Comme cette trentenaire, les riches Cairotes fuient des rues bruyantes et paralysées par de gigantesques embouteillages. Ils se retrouvent dans le calme et la verdure luxuriante des résidences fermées qui poussent comme des champignons aux portes du désert, avec terrains de golf, piscines et salles de sport.
"Vous payez plus pour l'entretien, mais ils vous fournissent une meilleure sécurité", poursuit Mme Khalifa.
Minorité
Elle fait toutefois partie d'une minorité de privilégiés, dans un pays où le pourcentage d'Egyptiens vivant sous le seuil de pauvreté est passé de 16,7% en 2000 à 27,8% des 90 millions d'habitants en 2015, selon des statistiques officielles.
Et à l'ouest du Caire, dans la banlieue du 6-Octobre, Mohamed et plusieurs ouvriers journaliers attendent en bordure de route de trouver un petit boulot qui leur apportera leur salaire de la journée.
Tous vivent dans le même appartement et dorment à même le sol. "On mange des fèves matin, midi et soir", ironise Mohamed, originaire de la province de Souhag, dans le sud.
Installé au Caire depuis deux ans, le jeune homme de 18 ans a dû abandonner l'école pour travailler.
A travers un projet évaluant la répartition des revenus en Egypte sur la base des prix de l'immobilier, un économiste de la Banque mondiale, Roy van der Weide, a constaté que les inégalités étaient "bien plus élevées que ce que peuvent suggérer les estimations des sondages conventionnels".
Pour relancer une économie à la traîne depuis la révolte de 2011 qui a chassé Hosni Moubarak du pouvoir, l'Egypte a obtenu un prêt de 12 milliards de dollars du Fond monétaire international (FMI) en contrepartie de réformes économiques drastiques.

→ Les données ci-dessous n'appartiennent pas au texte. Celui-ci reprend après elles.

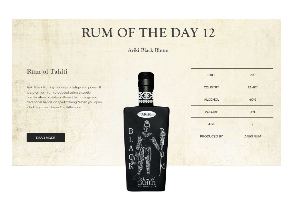 Ariki Rhum se vyrábí z cukrové třtiny pěstované na ostrovním ráji Taha’a – sesterském ostrově Tahiti, který sdílí lagunu Raiatea. Mezi 11 identifikovanými odrůdami cukrové třtiny je cukrová třtina Otahiti ušlechtilou odrůdou pocházející z Tahiti a od 60. let 18. století se vyváží do celého světa. Tato velká tropická cukrová třtina poskytuje sladkou šťávu, která se přeměňuje na prémiové produkty, jako je Ariki Rum. Výsledkem je rum, který je oceňován pro svou všestrannost: chutná a popíjí čistý a pomalu jako koňak, konzumuje se v koktejlech a používá se i při vaření.
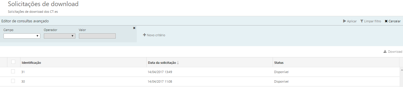1.Solicitações de Download Nesta tela, serão apresentados os documentos disponíveis para download ou apresentando erro. No caso dos documentos disponíveis para download deverá selecionar o (s) documento (s) e clicar download, que estarão disponíveis para download.Caso seja apresentado algum erro no disponibilização de download, os documentos com este status serão apresentados na mesma tela e deverão ser ajustados para possível realização do download.
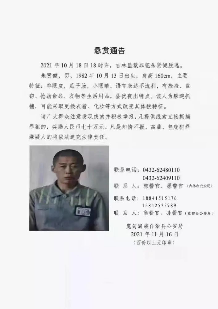 11月18日,一份显示11月16日印发,署名为宽甸满族自治县公安局的悬赏缉拿越狱犯朱贤健的通告被转发至网络。其中提到凡提供线索直接抓捕罪犯的,奖励70万元。

Les autorités ont ainsi libéré le taux de change de la livre égyptienne, faisant chuter de moitié sa valeur face au dollar, taillé dans les subventions publiques allouées au carburant et adopté une taxe sur la valeur ajouté (TVA). Des mesures qui ont entraîné une forte hausse de l'inflation.
Risque de grogne sociale
Pour éviter la grogne sociale, le gouvernement a annoncé un programme d'aides de 2,5 milliards de dollars, prévoyant des exemptions fiscales et une hausse des salaires des fonctionnaires et des allocations chômage.

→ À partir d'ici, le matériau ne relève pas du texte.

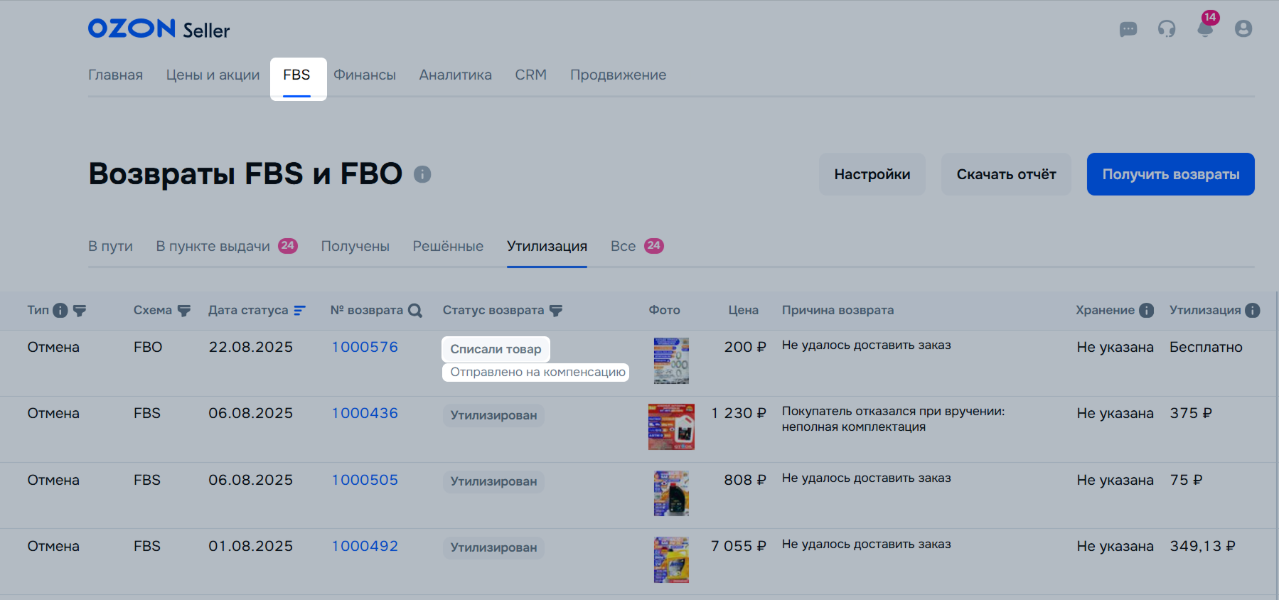 Вы можете посмотреть статус спорного возврата и компенсации по нему в разделе FBO → Возвраты FBS и FBO или FBS → Возвраты FBS и FBO, в столбце «Статус возврата».

Le gouvernement a également maintenu les subventions allouées aux denrées alimentaires, qui permettent aux plus démunis d'obtenir certains biens de première nécessité, comme le pain, l'huile ou le riz, à bas prix.
"Ces mesures ne sont que des analgésiques", estime toutefois Heba el-Laithy, professeur de statistiques à l'université du Caire. "Les gens réduisent leur consommation de nourriture et déscolarisent leurs enfants pour les faire travailler", déplore-t-elle, estimant que la pauvreté touche actuellement 35% de la population.
Selon elle, le gouvernement pourrait fournir de meilleurs services d'éducation et de santé en les finançant grâce à un système d'imposition progressif, qui taxerait plus sévèrement les plus aisés.
Mais les autorités rechignent à adopter une telle réforme, estime Salma Hussein, chercheuse sur l'inégalité au sein de l'Initiative égyptienne pour les droits personnels (EIPR), une ONG locale.
"Il y a une sorte de collusion. Les classes aisées disent au gouvernement: laissez-nous faire des profits sans des impôts élevés. Nous ne réclamerons pas de démocratie et construirons nos propres communautés", explique Mme Hussein.
Pour M. van der Weide, combler les inégalités est un défi difficile à surmonter "si l'élite vit coupée du reste de la société".